● **Working data**:
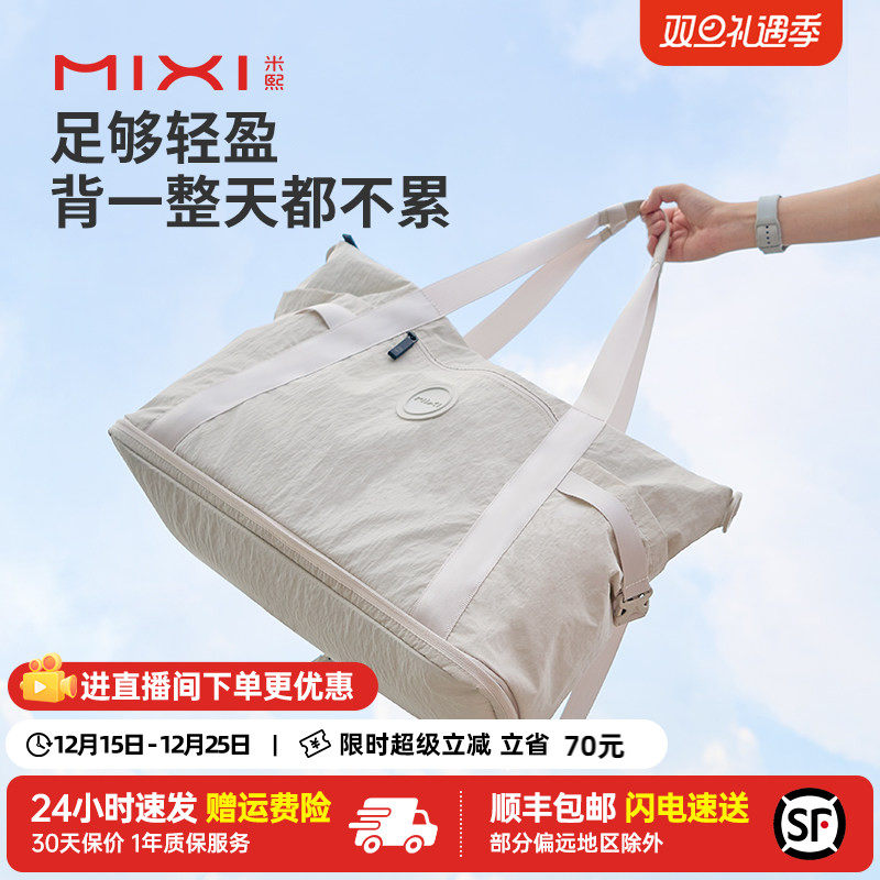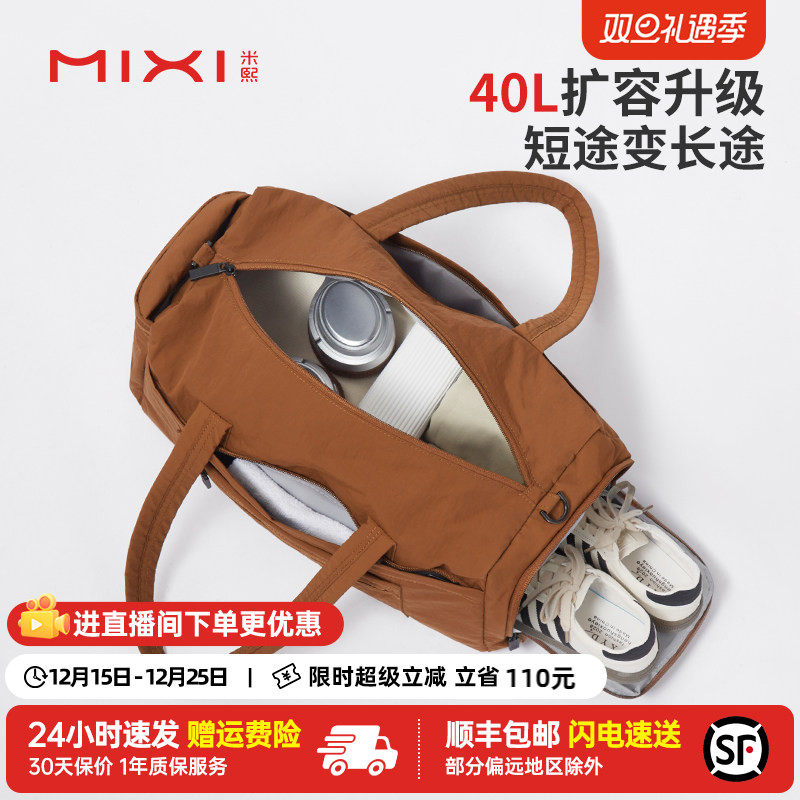 米熙大容量旅行包女轻便手提斜挎运动健身包短途旅游收纳行李袋男
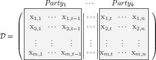 In this work, arbitrarily partitioned data exist between multplei sites (K), where K > 2 is considered. In the arbitrarily partitioned data scheme, there is not any specific order of how the data set is split between the multiple sites. More specifically, let us give a data set X = {x1
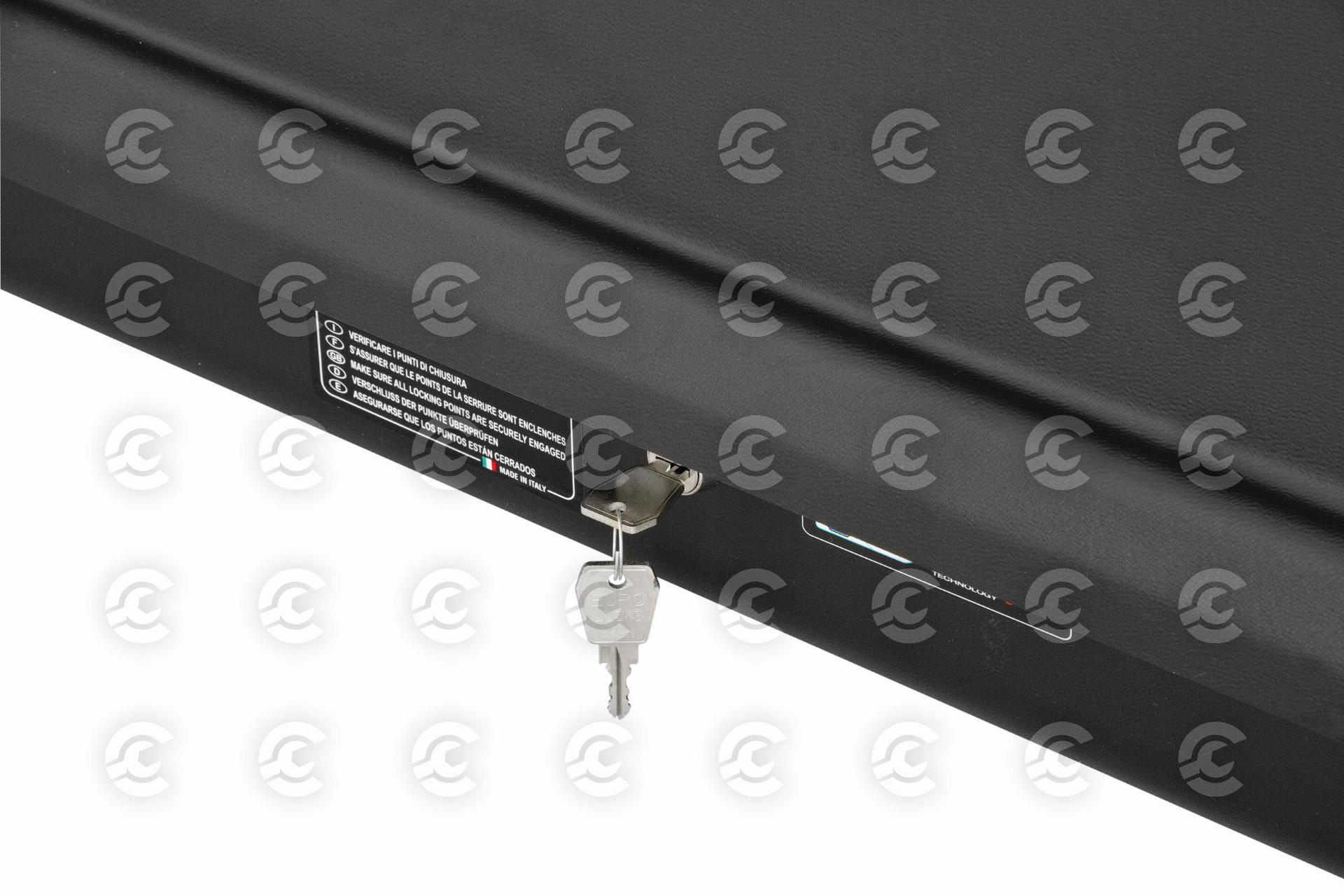 • In dotazione: coppia di cinghie per il bloccaggio del carico interno e libretto di istruzioni.
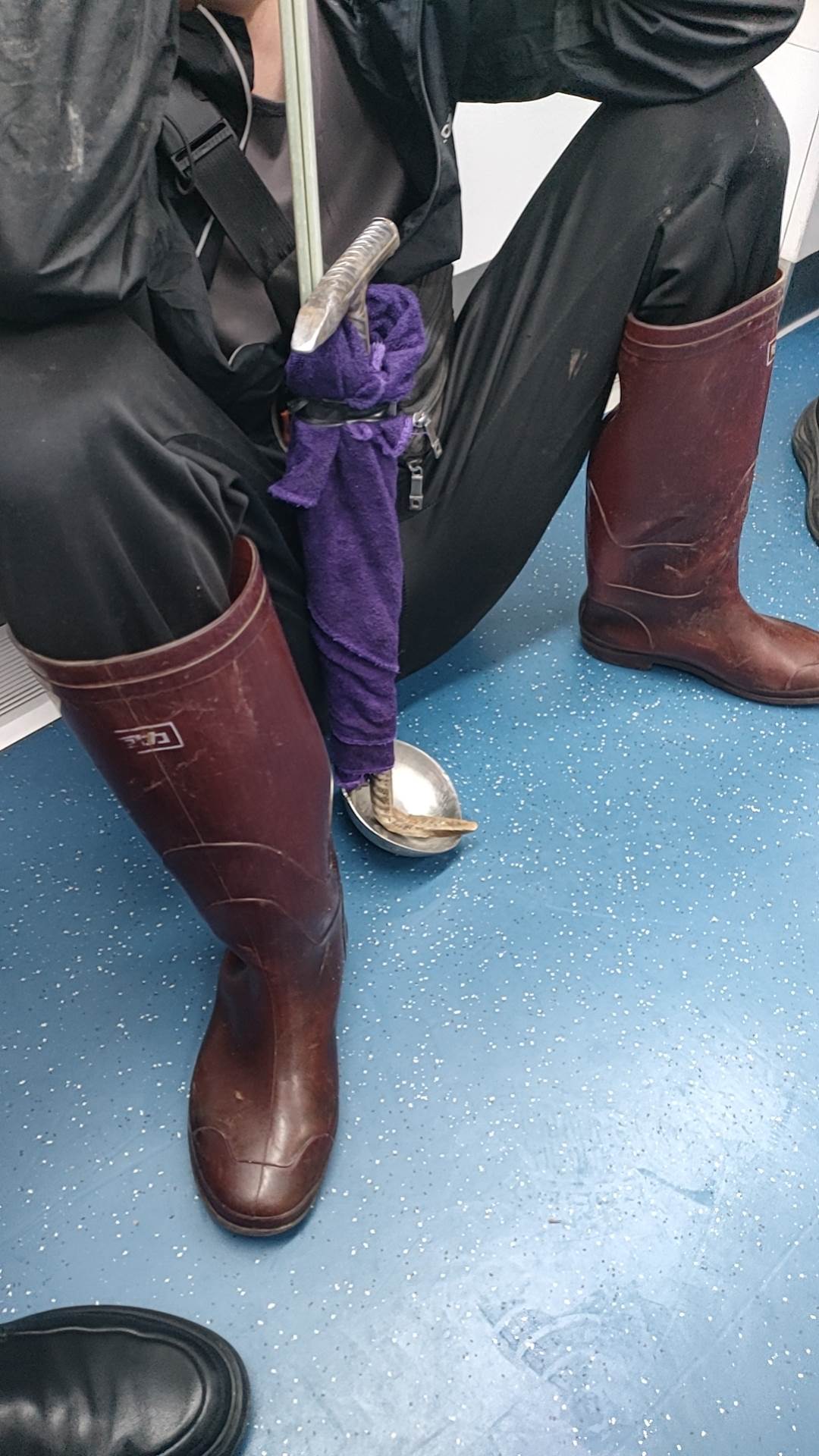 這位工作者穿著專業的工作服,腳上穿著一雙高筒靴,手中拿著一根長桿,桿的一端似乎連接著某種工具。這種裝扮和工具的組合,讓周圍的乘客感到好奇,紛紛猜測這位工作者的職業。
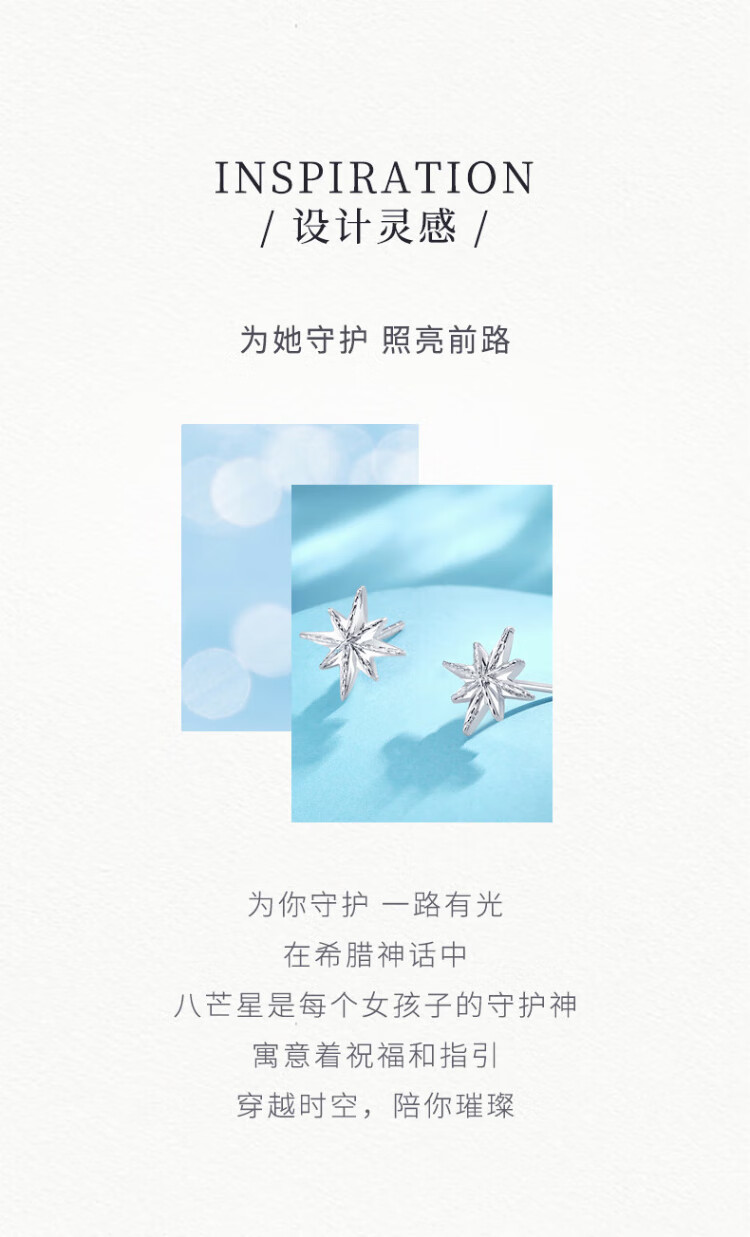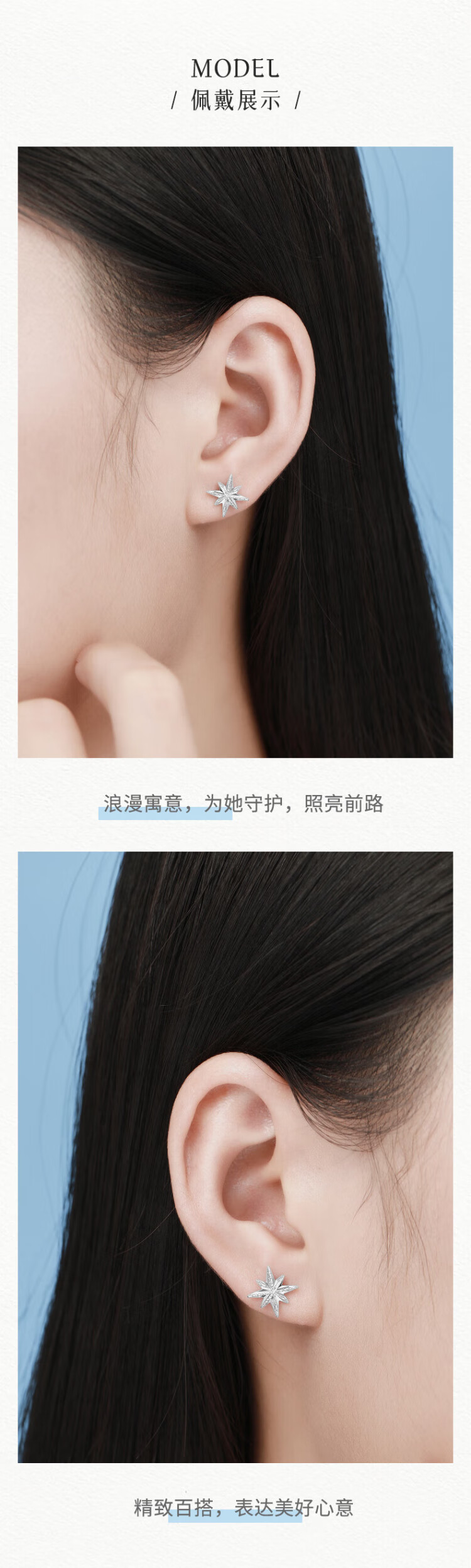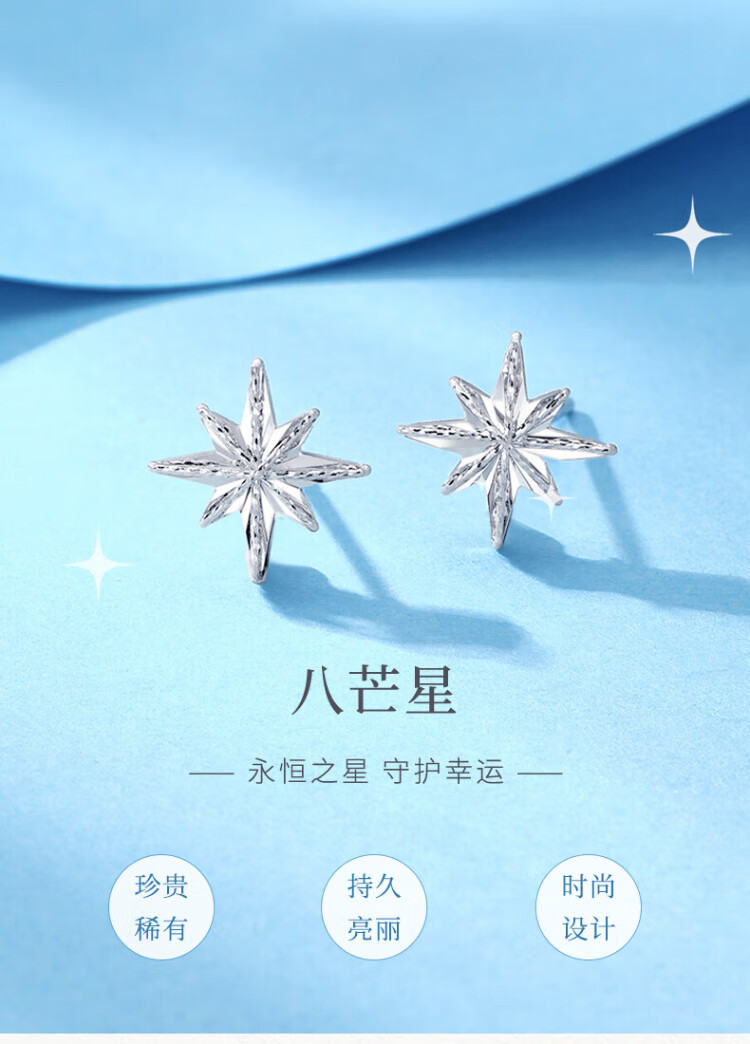 Zokai platinum earrings PT950 eight-pointed star earrings simple and versatile romantic birthday gift about 1.6g E03657

● **What to work on**: Skip every picture and transcribe the data above exactly.

● **Exercise output**:
 米熙大容量旅行包女轻便手提斜挎运动健身包短途旅游收纳行李袋男
 In this work, arbitrarily partitioned data exist between multplei sites (K), where K > 2 is considered. In the arbitrarily partitioned data scheme, there is not any specific order of how the data set is split between the multiple sites. More specifically, let us give a data set X = {x1
 • In dotazione: coppia di cinghie per il bloccaggio del carico interno e libretto di istruzioni.
 這位工作者穿著專業的工作服,腳上穿著一雙高筒靴,手中拿著一根長桿,桿的一端似乎連接著某種工具。這種裝扮和工具的組合,讓周圍的乘客感到好奇,紛紛猜測這位工作者的職業。
 Zokai platinum earrings PT950 eight-pointed star earrings simple and versatile romantic birthday gift about 1.6g E03657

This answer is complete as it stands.